Tocororo is a glorious album. Simply glorious. It begins with a profoundly beautiful version of the Cuban classic, Chan Chan that mesmerises with notes that seem to dally like the fragrance of invisible flowers. It is a short piece that will leave the listener who knows of it begging for more. But in one fell swoop, like the ephemeral nature of music, it is gone and we are presented with another visionary rendition of the praise to Yemayá, Mother of all things and owner of the oceans; queen of the realm of the seas. And once again the songs rolls with dazzling runs and flawless glissandos into another song: this time the ethereally beautiful Raíces (Roots). This song features the voice (and bass) of Richard Bona. It is a majestic reminder of the interconnectedness of all things, of the continuum – cultural and topographical – of the music of the continents with Africa at the heart of everything. And it is followed by a romance of the gypsy brilliantly sung by the Spaniard Antonio Lizana. And on, and on it goes, from one exquisite song to another.

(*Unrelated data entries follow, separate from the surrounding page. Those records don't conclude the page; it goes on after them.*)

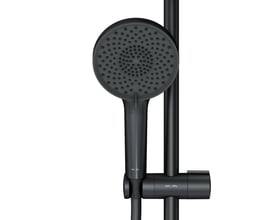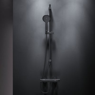 Komplet AM.PM Hit brusesæt i mat sort messing med termostat, skoldningsspærre og vandbesparende funktion. Inkluderer 1750 mm bruseslange og rund håndbruser.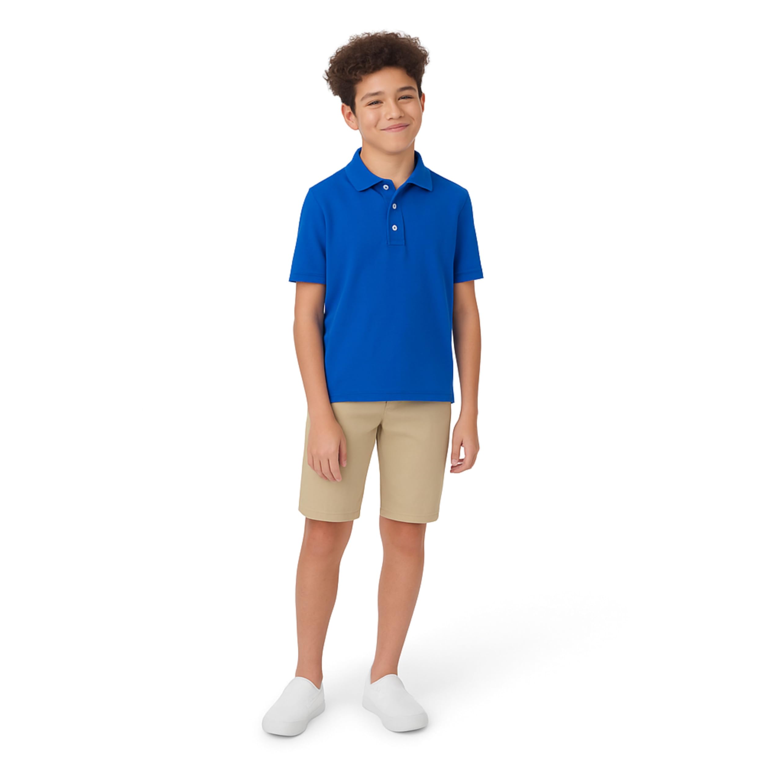 Description This short-sleeve polo is polished enough for the classroom yet comfy enough for the playground. Shrink-and fade-resistant in a breathable soft piqué knit, the wider cut ensures a more comfortable fit.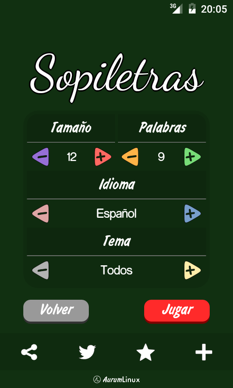 - Normal: Set up your own word puzzle choosing the number of rows and columns, and the number of words to find. Each puzzle will be different!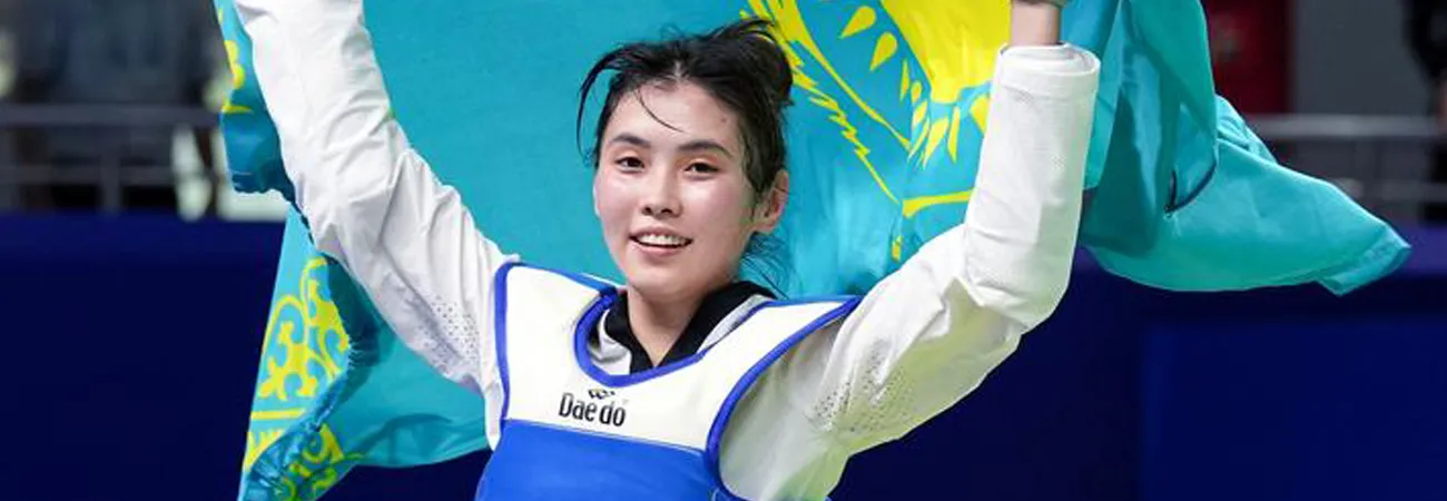چین ، جنوب مغربی صوبے سیچھوان کے شہر چھنگ دو میں جاری 31ویں ایف آئی ایس یو سمر ورلڈ یونیورسٹی گیمز میں قازقستان کی ریتا باکیشیوا تائیکوانڈو میں خواتین کے 46 کلوگرام کے فائنل میں کامیابی کا جشن منارہی ہے۔ (شِںہوا)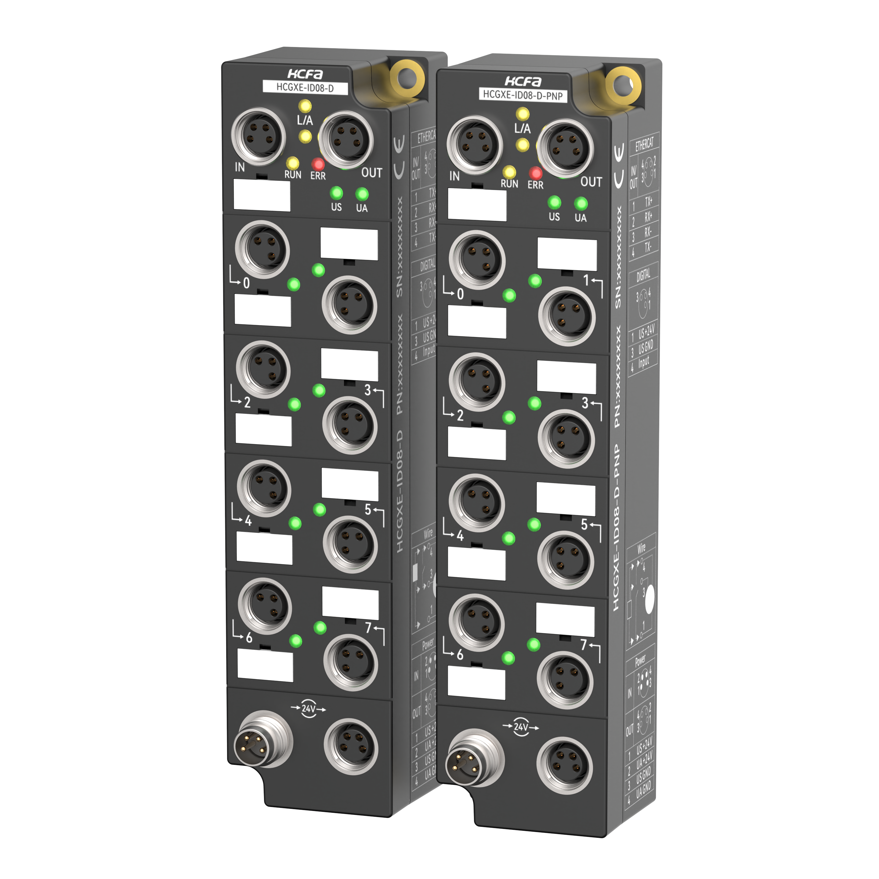 GXE是高防护等级的EtherCAT远程IO,防护等级高达IP67,可在柜内使用和开放式及室内使用,工作温度范围-25~60°C,适合在需要高防护的场合下使用。数字量输入模块分为NPN和PNP两款,都为8点数字量输入。数字量输入:DC24V, 4.1mA/Ch。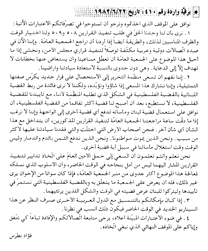 رد وزير الخارجية اللبناني، في البرقية الرقم (410)، في 22 يونيه 1982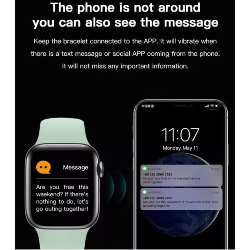 علاوه بر آن ساعت X7 قابلیت نمایش تماس و پیام رسانی به کمک اتصال به گوشی هوشمند از طریق اپلیکیشن را دارا می باشد.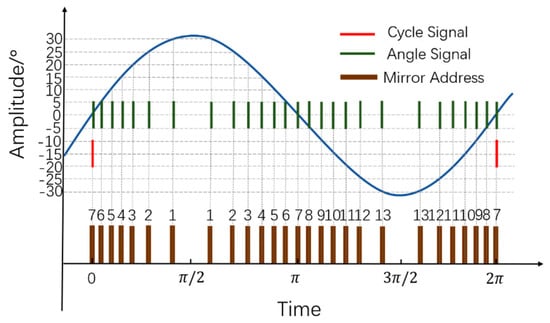 To achieve 2D scanning, the cycle signal and angle signals of the  and the  are all needed to confirm the position of each pixel. To obtain an accurate angular resolution, the angle signals of the  and the  are encoded as the vertical scanning mirror moving address () and the horizontal scanning mirror moving address (), as shown in Figure 2. In this way, the position of each pixel is only defined by the mirror angular address consisting of the  and . Additionally, the laser pulse can be triggered at different angular addresses to achieve a reconfigurable angular resolution. It should be noted that the encoded mirror moving address is not continuously in one scanning period of the uniaxial MEMS mirror. Due to the harmonic motion, the same trajectory is scanned twice in one scanning period of the uniaxial MEMS mirror. In this case, the cycle signal represents the 0 degree of the optical scanning angle and thus the exact middle position of the scanning trajectory. Thus, the first angle signal is encoded as address 7 in the condition of a 5° angular resolution and a 60° optical scanning angle. Similarly, when the time is  or , the encoded address is address 1 or 13, which represents a 30° optical scanning angle. Then, the vibration position signals of the  and the  are all encoded as the angular addresses accorded with the angular resolution. A reconfigurable angular resolution can be achieved by emitting laser pulses at the different angular addresses.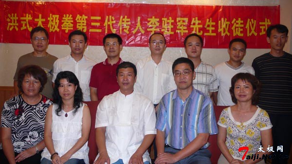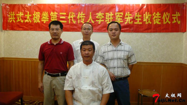 | 8月30日晚8时,李驻军老师收徒仪式在国宾大酒店举行。来自深圳、广州等地的肖磊、陈东旭、司远国三人拜在李驻军先生门下,成为洪式第四代传人。肖磊、陈东旭、司远国三人过去均有不同的拳法基础,后慕李驻军先生之名向先生学习洪式拳法,被李驻军先生人品和拳艺所折服,立誓追随李先生研究洪式拳法,甘愿为洪式拳法的推广贡献自己的力量。 目前,在深圳任一家医药公司经理的肖磊受师命筹建国际洪式太极拳推广中心深圳分会,陈东旭是广州中山大学在读研究生(IMBA),自幼练习散打和传统武术的司远国就职于深圳水务公司。他们在完成自己本职工作和学业之余,为宣传和推广洪式拳法可谓不遗余力,相信在不久的将来,他们将会成为洪式太极拳发展的栋梁。 深圳著名陈式小架传人赵春生先生、香港洪式传人黄丽婵女士、李显明先生到会并向新入门学生祝贺。作为见证人赵春生老师在仪式上首先对李驻军先生多年来为宣传和推广洪式太极拳所取得的成绩表示钦佩,并为肖磊、陈东旭、司远国三人拜到李驻军先生这样的明师,学到科学实用的洪式拳表示祝贺。随后,赵春生老师告诉三位拜师所带来的师生之间关系的一种变化,要求他们今后要尊师重道,刻苦研练,为洪式太极拳在深圳的发展做出贡献。 肖磊作为新入门弟子代表发言,表达了自己和师弟们恩师的崇敬之情,表示今后将携众师兄弟为恩师分忧,为洪式太极拳的推广贡献自己的力量。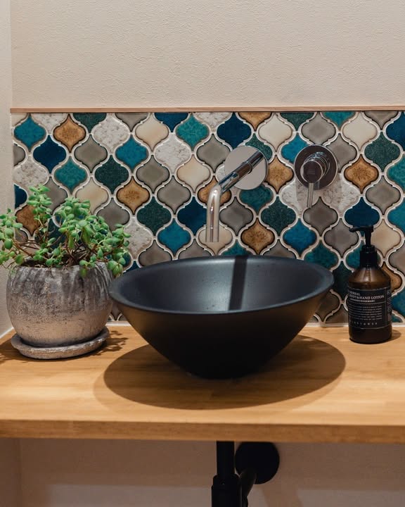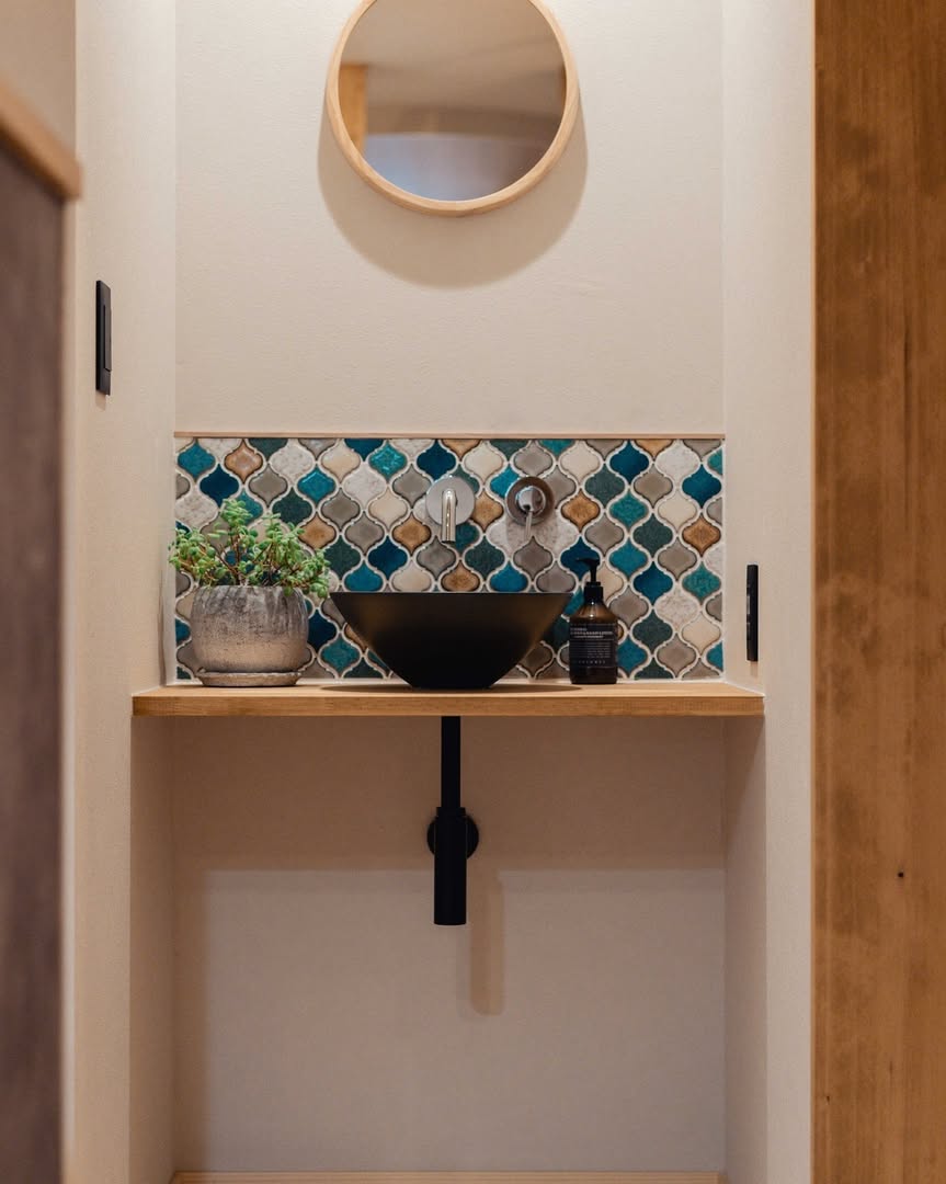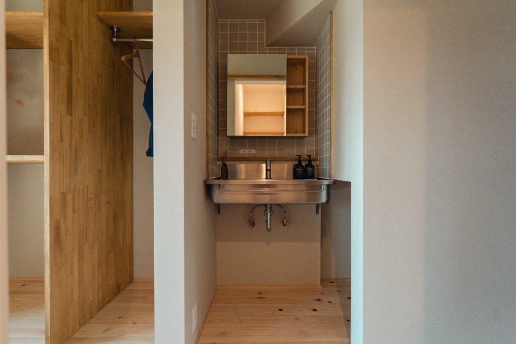 素材そのものの味わい深さがあり、和モダンな洗面空間にぴったりです。

I have every reason to believe that the classic nature of the performance is unconscious. Rodriguez is blessed by a musical soul especially given him by a God in a fit of generosity. Thus it grew to be a vaunted art, backed by craftsmanship that suggests great instinct, an uncanny ability for striking the right note with the right pressure and caress so to give back to the same God who blessed him, in the ultimate glory of thanksgiving. As if all of the above were not enough, the great Quincy Jones and Rodriguez have assembled a cast of artists who must surely be the envy of musicians past and present who have inhabited the studio in which this recording has been made. Wonders never seem to cease. Just when you thought that Richard Bona and Antonio Lizano were all Rodriguez had mustered, processions of wonderful musicians follow: Ibeyi, Ibrahim Maalouf and best of all is the Indian vocalist Ganavya Doraiswamy.

This is a hard performance to review. You run out of epithet to describe its beauty. You rejoice in the exquisite interplay of left and right hand, on the playful, at times, tickling puckishness of Rodriguez’s use of the keyboard. You listen in awe at his childlike view of the musician’s world – a hallmark of his bristling genius and precocious musicianship. You want the performance never to end. But the very nature of music’s physiology is that it must vanish into thin air when the last notes are ‘sung’; when they fade and die. That elemental beauty is the eternal gift of the art. You only have to hear Alfredo Rodriguez’s version of Bach’s Jesu, Joy of Man’s Desiring to know that the pianist dishes out this eternal gift with unfettered nobility.